ACTIVITY
Print the line that contains "Neon flowers coaster", then every line after it until the entries end, exactly as they read; do not include pictures.

[Items from a dataset]
■ ■ ■ ■ ■ ■ ■

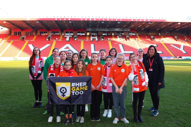 Ahead of the game, which ended in a 1-1 draw, the girls were busy in the Bartram’s fan zone creating mascot shakers and banners to promote the Her Game Too campaign which aims to tackle sexism in sport.
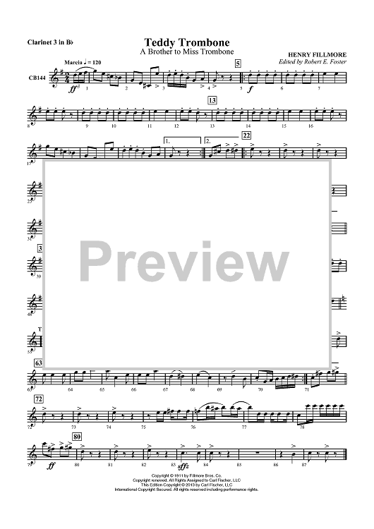 Digital Sheet Music for Teddy Trombone - A Brother to Miss Trombone - Clarinet 3 in Bb by , Henry Fillmore, Robert E. Foster scored for Concert Band; id:435444
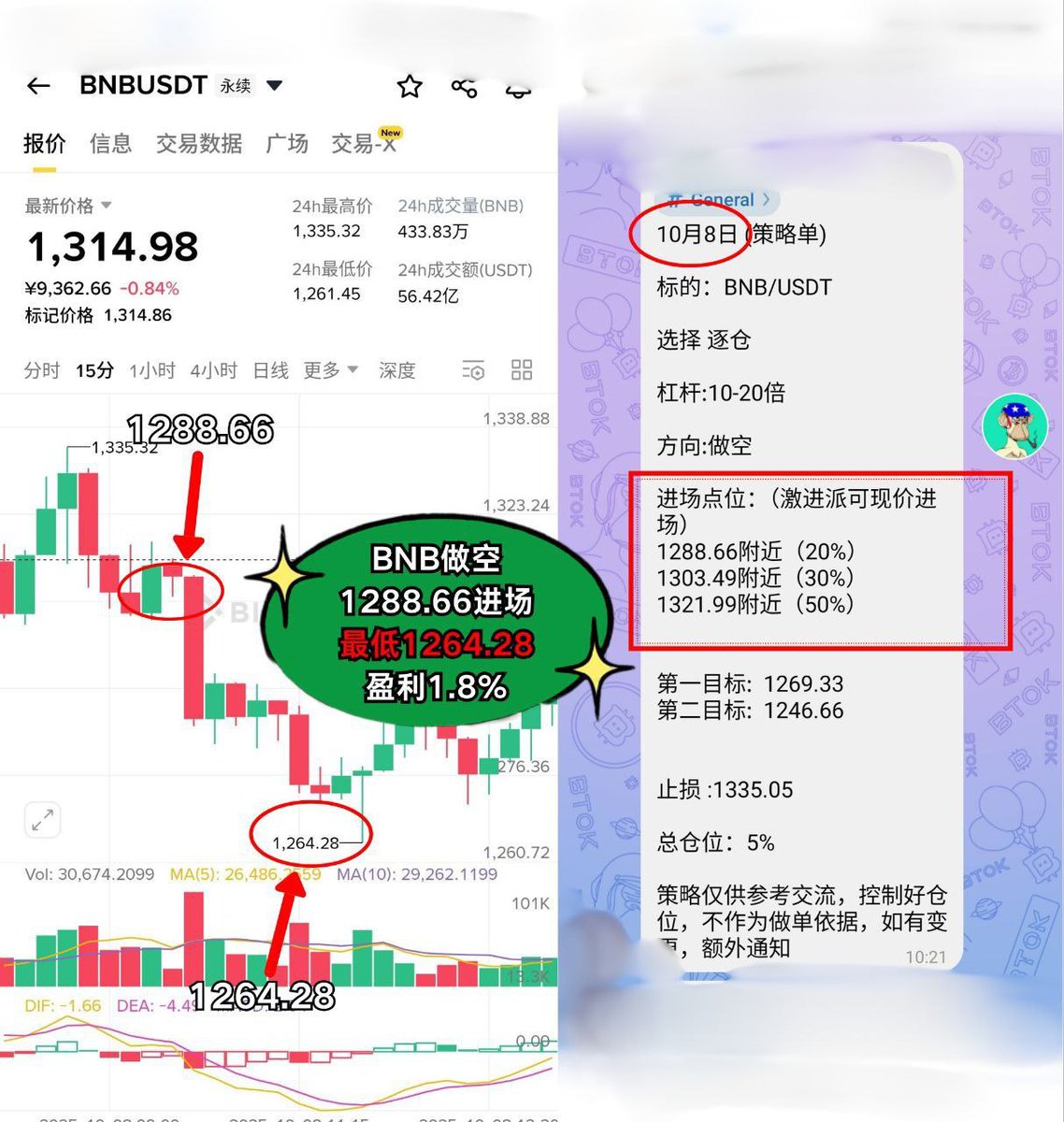 💎 $BNB 空单1288.66入场,1264.28离场,1.8%稳健收益,步步为赢!
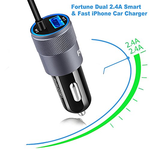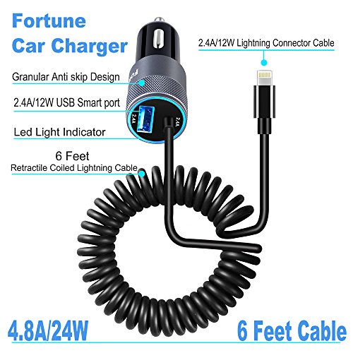 -. Feature : ✅Fortune car charger adapter can Charge Two Devices Simultaneously. The 6 Feet Retractable Coiled Lightning cable and universal USB port provide quickly could charge for two devices at the same time in the car, with input: 12V-24V; output maximum up to 4.8A (2.4A Max Per Port), it can automatically adapt the output to each one accordingly. / ✅Built-with 6 Feet Retractable Coiled Lightning cable can extend to 1.8m if pulled tightly while it naturally extends to approximately 0.25m, with first-rate shape retention, the Lightning cable is made by high purity oxygen-free copper core which ensures high speed transmission rate. Compatible with almost all Apple devices iPhone X/8/8 Plus 7/7 Plus/6s/6s Plus/6/6 Plus/SE/5s/5c/5/iPad/iPod, etc. / ✅The smart USB port could charging almost all brand mobiles such as Apple iPhones and devices, and also could charge Samsung Galaxy, Note, Nexus, HTC, Sony, LG, Tablet, navigators, digital cameras, tablets, MP3 players and more. / ✅Certified by CE & FCC will give you a fully safe and reliable using experience. It is compatible with all vehicle models' cigar lighter with DC 12-24V input, No interference issues for Radio, Bluetooth or Wi-Fi. Built-in smart IC technology prevents devices from overcharging, overheating and overcurrent etc. / ✅Excellent Design. Adopting and mixed with thousands buyers experience advices and other products advantage, Fortune car charger was special designed with compact, coiled retractable cable, non-slip pulling out, blue led indicator light etc., all those awesome characters will provide you a very convenience and happy daily life.
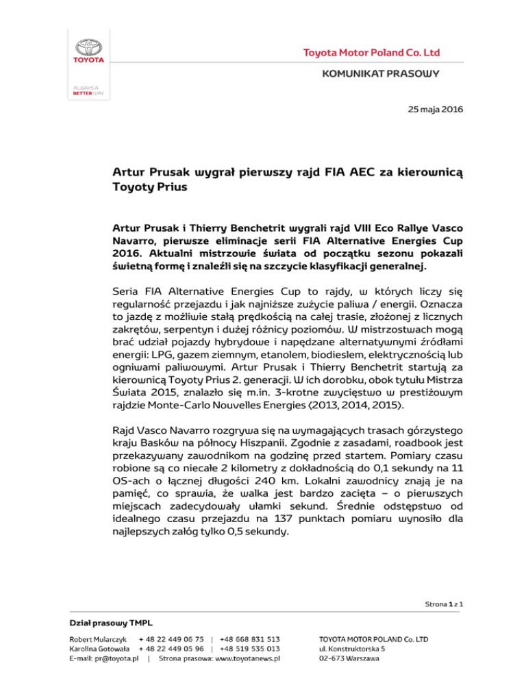 25 maja 2016 Artur Prusak wygrał pierwszy rajd FIA AEC za kierownicą Toyoty Prius Artur Prusak i Thierry Benchetrit wygrali rajd VIII Eco Rallye Vasco Navarro, pierwsze eliminacje serii FIA Alternative Energies Cup 2016. Aktualni mistrzowie świata od początku sezonu pokazali świetną formę i znaleźli się na szczycie klasyfikacji generalnej. Seria FIA Alternative Energies Cup to rajdy, w których liczy się regularność przejazdu i jak najniższe zużycie paliwa / energii. Oznacza to jazdę z możliwie stałą prędkością na całej trasie, złożonej z licznych zakrętów, serpentyn i dużej różnicy poziomów. W mistrzostwach mogą brać udział pojazdy hybrydowe i napędzane alternatywnymi źródłami energii: LPG, gazem ziemnym, etanolem, biodieslem, elektrycznością lub ogniwami paliwowymi. Artur Prusak i Thierry Benchetrit startują za kierownicą Toyoty Prius 2. generacji. W ich dorobku, obok tytułu Mistrza Świata 2015, znalazło się m.in. 3-krotne zwycięstwo w prestiżowym rajdzie Monte-Carlo Nouvelles Energies (2013, 2014, 2015). Rajd Vasco Navarro rozgrywa się na wymagających trasach górzystego kraju Basków na północy Hiszpanii. Zgodnie z zasadami, roadbook jest przekazywany zawodnikom na godzinę przed startem. Pomiary czasu robione są co niecałe 2 kilometry z dokładnością do 0,1 sekundy na 11 OS-ach o łącznej długości 240 km. Lokalni zawodnicy znają je na pamięć, co sprawia, że walka jest bardzo zacięta – o pierwszych miejscach zadecydowały ułamki sekund. Średnie odstępstwo od idealnego czasu przejazdu na 137 punktach pomiaru wynosiło dla najlepszych załóg tylko 0,5 sekundy. Strona 1 z 1
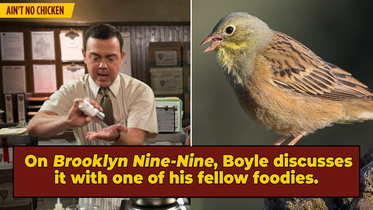 Is it just us, or is TV weirdly obsessed with the ortolan right now? On Brooklyn Nine-Nine, Boyle discusses it with one of his fellow foodies, and rich guys on Billions and Succession have gulped them down as thematically appropriate snacks. If you're somehow unfamiliar with all three of those shows, the ortolan is a small songbird that's considered a French delicacy, but it ain't no chicken.
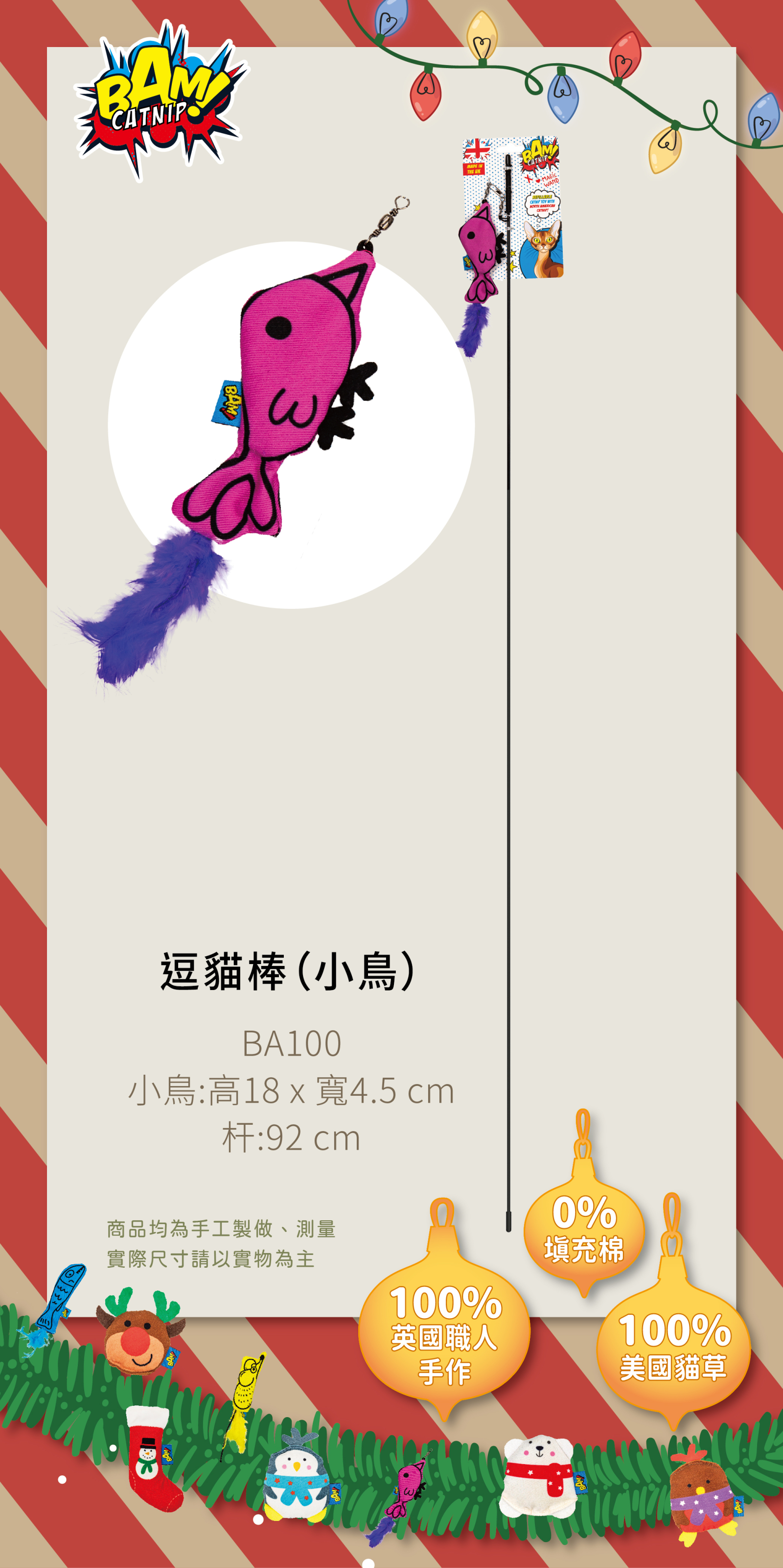 英國BAM! 特濃貓草玩具-逗貓棒(小鳥)
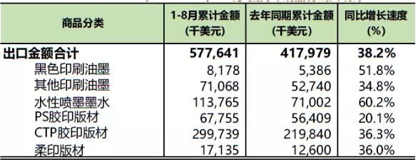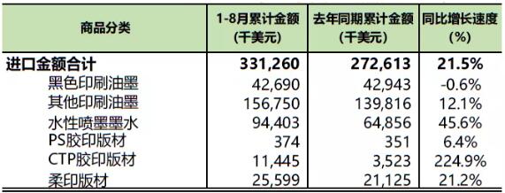 相關設備主要子項出口,計算機直接制版機2836.0萬美元(同比增長23.0%),膠印機7377.7萬美元(同比增長18.9%),凹版印刷機3938.4萬美元(同比增長77.1%),柔版印刷機4487.3萬美元(同比增長20.5%),絲網印刷機6357.6萬美元(同比增長63.0%),凸版印刷機3157.7萬美元(同比增長58.6%),數字印刷機5.29億美元(同比增長37.1%),印刷輔機和零件1.83億美元(同比增長73.8%),書刊裝訂設備2085.3萬美元(同比增長28.1%),包裝印后設備3.15億美元(同比增長40.6%)。 同期,國內印刷裝備進出口貿易順差1.58億美元(同比下降23.8%)。 國內印刷器材進出口概況 2021年1-8月國內印刷器材進口3.31億美元,同比增長21.5%(詳見表6)。其中,黑色印刷油墨1262.67噸、4269.0萬美元(同比下降0.6%),其他印刷油墨5883.12噸、1.57億美元(同比增長12.1%),水性噴墨墨水4880.88噸、9440.3萬美元(同比增長45.6%),PS膠印版材1.74萬平方米、37.4萬美元(同比增長6.4%),CTP膠印版材271.62萬平方米、1144.5萬美元(同比增長224.9%),柔印版材47.33萬平方米、2559.9萬美元(與上年增長21.2%)。 表6 2021年1-8月 國內印刷器材進口統計
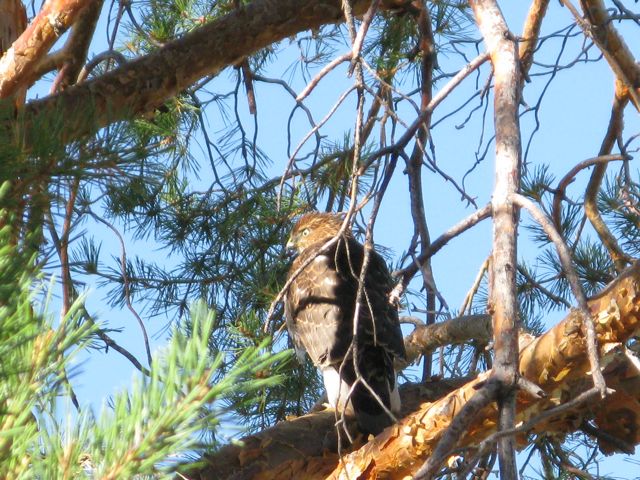 My husband took the bird off to a raptor rehabilitator, who checked out the hawk, a one-year-old female, and declared her sound and able to fly - and feisty as could be (her talons drew blood in the process). Then, we were instructed to release the hawk in our backyard, where it came from. When the box was uncovered, the hawk sat for a moment, looking around, then with a rush of wings, flew to the top of a tall tree, where it’s now resting comfortably and eyeing the view.
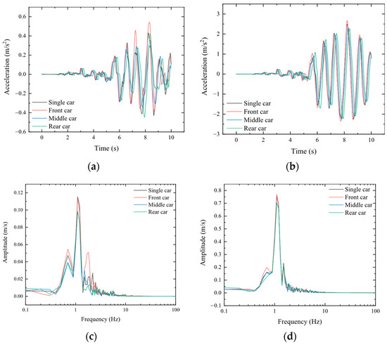 The results also indicate that although the wheel–rail interaction indices for the single-car model exhibit larger errors compared to those of the 5-car formation, they are substantially lower than those obtained in the 3-car formation model. Consequently, the single-car model can still meet accuracy needs for rough qualitative analysis and offers advantages in computational speed compared to the 5-car model, facilitating rapid and preliminary assessments of train operational safety and wheel–rail interactions prior to more detailed quantitative analysis. Additionally, it should be noted that relative to the 8-car standard formation, the wheel–rail interaction indices for the single-car model are comparatively smaller. This may be due to the interactions between adjacent vehicles, which tends to amplify wheel–rail interactions. Furthermore, the train with multi-car formation allows the track subsystem to receive more energy through wheel–rail contact interfaces simultaneously, leading to more pronounced dynamic responses in the track structure. This effect is compounded by dynamic feedback and coupling mechanisms between the train and track, intensifying the train’s dynamic responses and, consequently, the severity of wheel–rail interactions. Specifically, for seismic inputs with a peak acceleration of 100 gal, where the seismic intensity is lower, the interaction indices of the single-car model are slightly greater than those of the 8-car formation model. However, with inputs at a peak acceleration of 400 gal, the wheel–rail lateral force, wheel–rail vertical force, derailment coefficient, and offload factor are all lower than those of the 8-car formation model, with relative errors of −12.54%, −4.20%, −5.42%, and −5.53%, respectively.
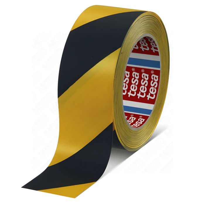 TESA | Páska pro značení podlah TESAFLEX 4169 PV3 | 187 µm | černo-žlutá je odolná podlahová páska z měkčeného PVC určená pro dlouhodobé značení zón a vymezení prostor. Využívá se tam, kde musí být značení dobře viditelné a stabilní v čase – v komunikačních trasách, průchodech a pracovních zónách.
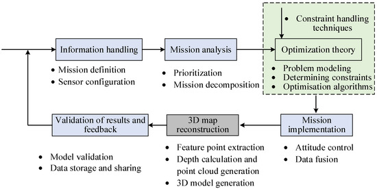 Figure 1 illustrates the different execution stages of UMP, the execution process, and its specific applications in various fields. UMP can be divided into four main phases: preparation, planning, execution, and post-processing. The preparation stage mainly involves the definition of mission requirements, initialization, and self-testing of the UAV; these steps ensure that the mission requirements are clear and that the UMP system is able to function properly. The planning stage focuses on environmental awareness, cooperative communication, mission analysis, and optimization theory and uses advanced algorithms and optimization techniques to develop efficient and safe mission scenarios that meet specific optimization objectives and constraints. The execution phase involves mission implementation, real-time monitoring, and dynamic adjustment, which ensure that the UAV performs the mission as planned and can adjust the planning scheme in real time. The reprocessing stage involves data processing, result analysis, and report generation, which provide optimization recommendations for the UMP system through in-depth analysis of data from the execution process. Currently, UMP is used in a variety of fields: in the field of agriculture, UMP is used for precision agriculture and crop monitoring [21]; in the field of environmental monitoring, UMP is used to collect and analyze data in real time to evaluate environmental changes [22]; and in the field of logistics and distribution, UMP ensures that parcels are delivered to their destinations efficiently and accurately [23]. In addition, UMP plays a crucial role in areas such as search and rescue and infrastructure inspection [24,25]. The efficient execution process of UMP not only improves the efficiency and safety of the application field but also enhances the accuracy and resource utilization of the executed missions. In this section, the execution process of UMP is elaborated in detail, using the 3D map reconstruction technique in UMP as an example, as shown in Figure 2.
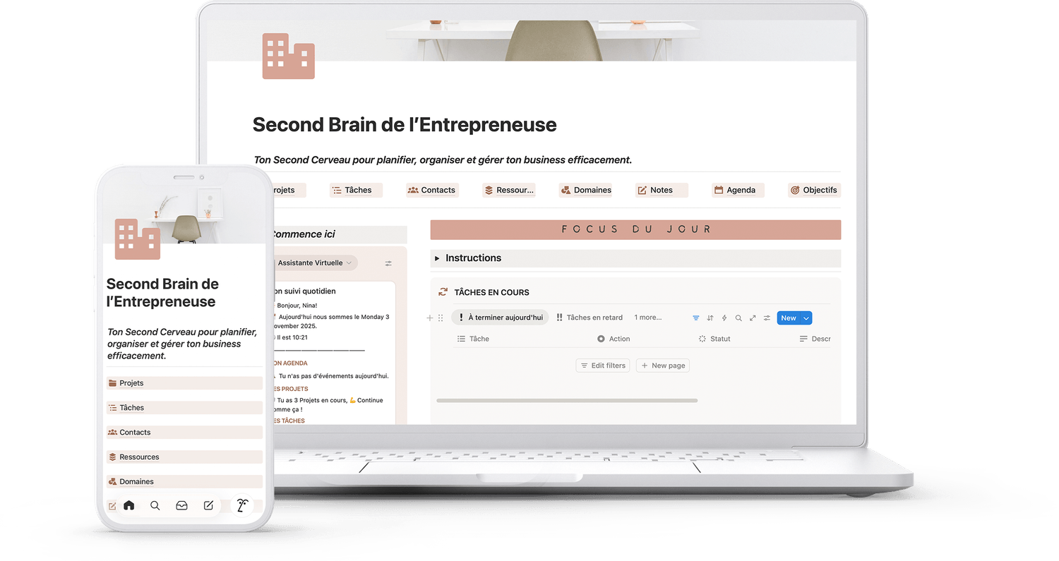 Le template Notion Second Brain de l’Entrepreneuse centralise tes projets, tâches et objectifs dans un seul dashboard clair. Vois tout d'un coup d'œil, avance sans stress, pilote ton business comme une vraie pro.
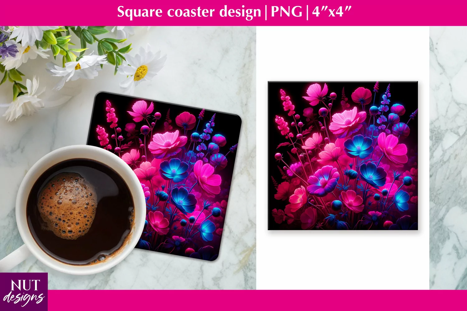 Neon flowers coaster sublimation Wildflowers square coaster example image 1
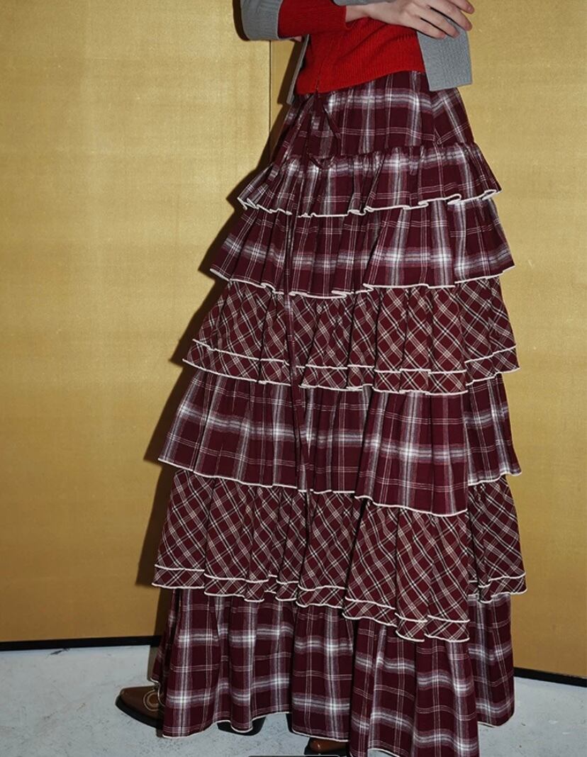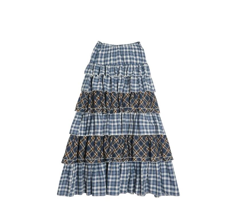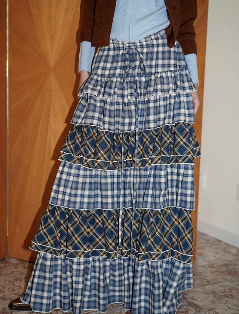 【2way】赤 水色 チェック ワンピース スカート マキシ ロング フリル ボトムス
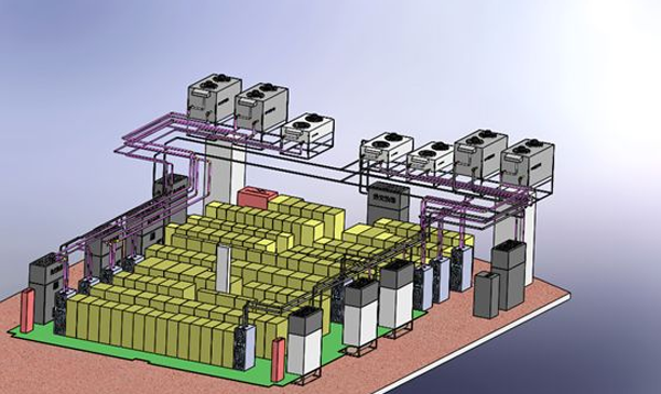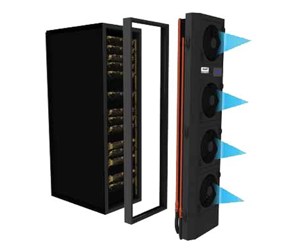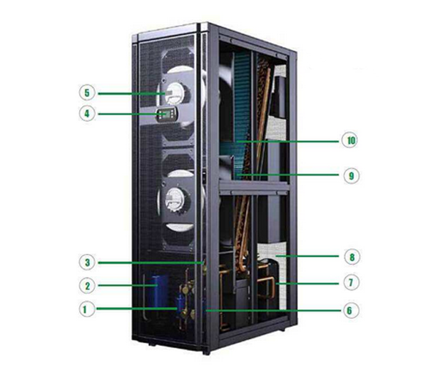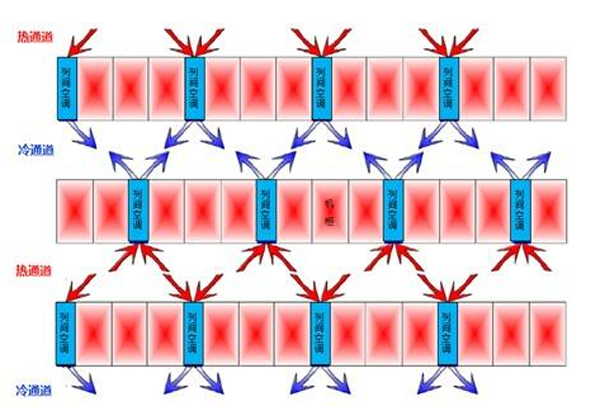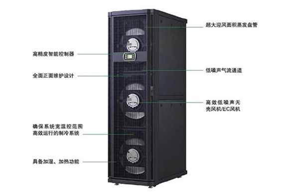 因为热源,空调的回风温度高,使得其能效比好,目前行间空调有风冷和冷冻水两种形式,风冷的压缩机多采用变容量的数码涡旋压缩机,风机采用EC风机,整机可以根据通道内的热负载调节制冷能力输出,行间空调用于封闭冷热通道的场合!

■ ■ ■ ■ ■ ■ ■

EXERCISE RESPONSE
 Neon flowers coaster sublimation Wildflowers square coaster example image 1
 【2way】赤 水色 チェック ワンピース スカート マキシ ロング フリル ボトムス
 因为热源,空调的回风温度高,使得其能效比好,目前行间空调有风冷和冷冻水两种形式,风冷的压缩机多采用变容量的数码涡旋压缩机,风机采用EC风机,整机可以根据通道内的热负载调节制冷能力输出,行间空调用于封闭冷热通道的场合!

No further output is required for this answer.